International Perspectives on Family Needs After Pediatric ABI


Caron Gan


Ingrid van't Hooft
Audrone Prasauskiene 
Naomi Brookes


When a child sustains an acquired brain injury (ABI), families must focus on both present and future needs as ABI has both an immediate and long term developmental impact on the child. High levels of family stress and caregiver burden have been reported, with up to 40% of parents reporting significant levels of anxiety and depression, which often persist or worsen over time. Studies on family needs after pediatric ABI have documented needs for information, ABI education, practical support, stress management, respite, and sibling/family support. Parents also identify unmet information and emotional support needs across the care trajectory from the time of the injury to their child’s return home and well into the future. In spite of this recognized need for family support, there has been no systematic way to assess the extent to which family needs are met after a child sustains an ABI. This is a significant clinical and research gap given evidence of the strong relationship between unmet family needs and increased family burden, which ultimately affects outcomes for the child.

Using a modified Delphi process, we adapted the well-validated adult Family Needs Questionnaire (FNQ-R) to create a pediatric version (Family Needs Questionnaire [FNQ-P]). The FNQ-P, which consists of 40 items, provides the clinician with a tool for assessing the degree to which the family’s needs have been met across six categories: Health Information, Emotional Support, Instrumental Support, Community Support, Professional Support, and Involvement with Care. Validation of this new measure is underway with pediatric rehabilitation partners in Canada, Sweden, Australia, UK, and Lithuania. Preliminary single centre FNQ-P results with the Canadian site demonstrated excellent test-retest reliability. There was lack of relationship between FNQ-P scores and injury severity and no more than a weak inverse association between time since injury and needs met. More definitive association conclusions will be possible once data collection across all sites is finalized (anticipated completion March 31, 2017, final total sample size goal = 75).

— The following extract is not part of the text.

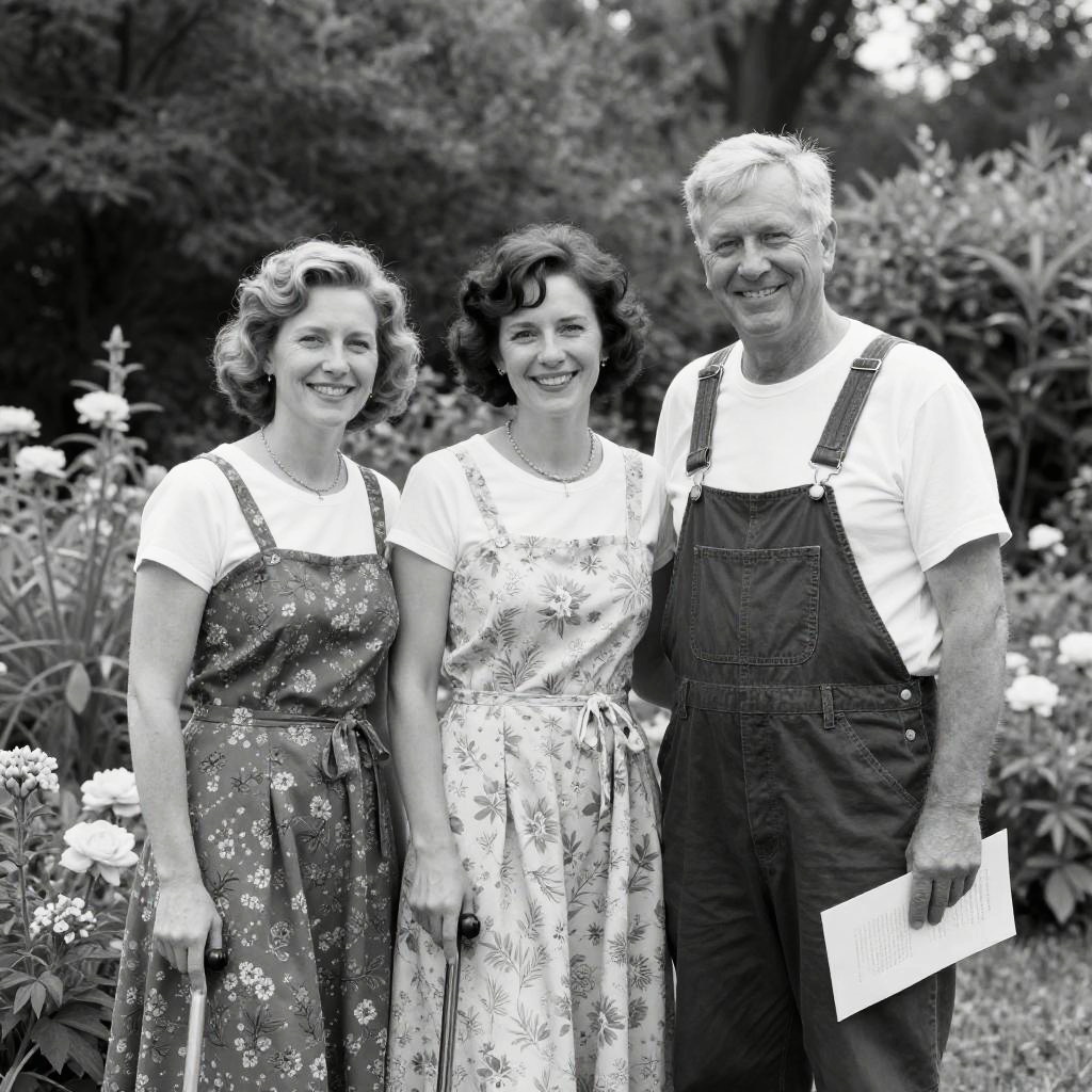 Black-and-white photo of three smiling people standing in a garden. Two women with short, wavy hair wear floral dresses over white shirts, and a man with short, gray hair wears a white shirt and dark overalls. The man holds a paper, and the women each hold a cane. Lush greenery and blooming flowers fill the background. They stand close together, exuding a friendly, nostalgic vibe.

In this symposium, we will: 1) describe the development of the FNQ-P, 2) present results from our 5-site validation study, 3) share experiences around cross cultural perspectives of family needs, and 4) share ideas for FNQ-P implementation in different health care contexts and cultures. A video of clinician/family voices will highlight the importance of systematically assessing family needs after pediatric ABI.

The anticipated benefit of the FNQ-P is a measure that will enable: 1) systematic assessment of family needs for service planning and outcome measurement, 2) long-term monitoring of family needs over the care continuum, and 3) multi-centre use in clinical pediatric ABI research. We hope the FNQ-P will lead to stronger supports for families of children and youth after ABI.


Learning Objectives:

  1. Describe the Pediatric Family Needs Questionnaire (FNQ-P), its psychometric properties, and its use in assessing family needs after pediatric ABI.
  2. Compare international perspectives of family needs after pediatric ABI.
  3. Discuss application of the FNQ-P in different health care settings, at different points of time post-injury, and in different cultural contexts.